A Bayesian filter is incorporated in Apple's Mail program. SpamSieve provides this
capability for Entourage, Eudora, Emailer, Mailsmith and PowerMail running in a Mac
OS X 10.1.5 or 10.2.2 environment. The basic architecture of the tool is the same
for all five email clients. It consists of the SpamSieve application and a set of
AppleScripts that are provided for each client. To install it, you simply need to
copy the application to your /Applications folder and then copy the AppleScripts
that correspond to your location of the scripts for your client. The user's manual
provides the folder that should be used. The scripts are housed in a folder on the
.dmg image that follows the same hierarchy used for the email client. You may need
to restart the email client to get it to recognize the new script.

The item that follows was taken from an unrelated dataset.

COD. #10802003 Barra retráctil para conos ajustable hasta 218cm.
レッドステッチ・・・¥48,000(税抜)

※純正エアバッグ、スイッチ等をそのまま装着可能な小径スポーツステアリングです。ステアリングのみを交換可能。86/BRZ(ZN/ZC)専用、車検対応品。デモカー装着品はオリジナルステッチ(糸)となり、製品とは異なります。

I use Entourage for my client, so I will describe my experience with SpamSieve in
that context. The interface differs very little among the five clients. The four
scripts used in Entourage are "Add Spam", "Add Good", "Move
Spam", and "Mark Spam". "Add Spam" simply adds a selection
of spam messages to the SpamSieve corpus by tokenizing the spam. "Add Good"

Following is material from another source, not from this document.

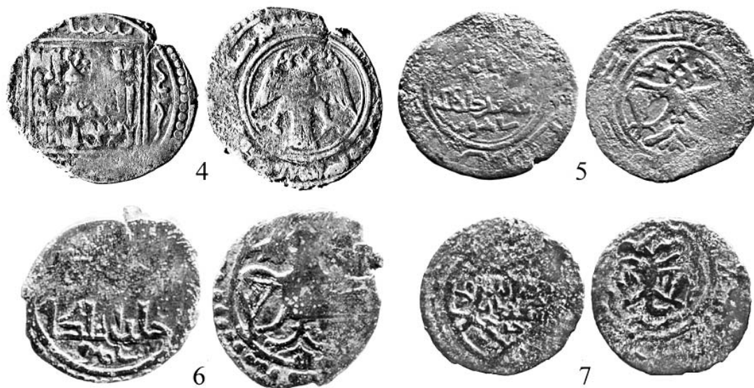
Рис. 2. Фалсы (5–7) и дирхам (4) Ильханов

is the same as "Add Spam" but tags the information as a good message. "Move
Spam" places any identified spam in a folder to a folder named "Spam".
"Mark Spam" is used to simply tag the message as spam.
Figure 1 - Edit Rule window
Setting up SpamSieve
to handle spam is very easy. It is just a matter of creating a rule to invoke the
appropriate script. I chose to set up a separate spam folder rather than simply marking
it (see Figure 1 above). I used a number of items in my Inbox to start the corpus
and marked them as spam by selecting them and running the "Add Spam"script.
After getting things set up, I invoked the spam rule. It turned out to be a little
disconcerting because Entourage became unresponsive. After some force quits and restarts,
I realized that this aberrant behavior was due to the volume of messages it was asked
to process. It took about five minutes to process the 500 messages. Since that time,
I have not had any performance problems. Another adjustment that I made was to execute
SpamSieve as the last rule in my rule sequence. This allowed me extract any white
hat messages prior to testing for spam. The manual discusses setting up the rules
structure in far more detail.
Examples of Statistics window (Figure 2) and SpamSieve log (Figure 3)
SpamSieve has a number
of menu items that allow you to view how it is functioning. The Corpus window summarizes
the messages, showing spam versus good. The Statistics window (see Figure 2 above)
describes how well SpamSieve is functioning. The SpamSieve log (see Figure 3 above)
describes each action taken by SpamSieve.
Overall, I have found SpamSieve very easy to install and use. The filter was easy
to create by simply selecting the category of a selected set of messages. The performance
of the filter is very good with few false positives and negatives. Maintaining the
filter is intuitive and simple to do by adding a message to the spam or good category.
Despite a few problems that occurred early on, I found SpamSieve worth the $20 shareware
fee, since it has greatly simplified the management of the spam that I receive. If
you like Mail's spam filter, but like using any of the supported mail clients, then
I highly recommend buying SpamSieve.
- Easy to Install and
- Well Documented
- Processing a large
number of messages takes a long time
4 out of 5 Mice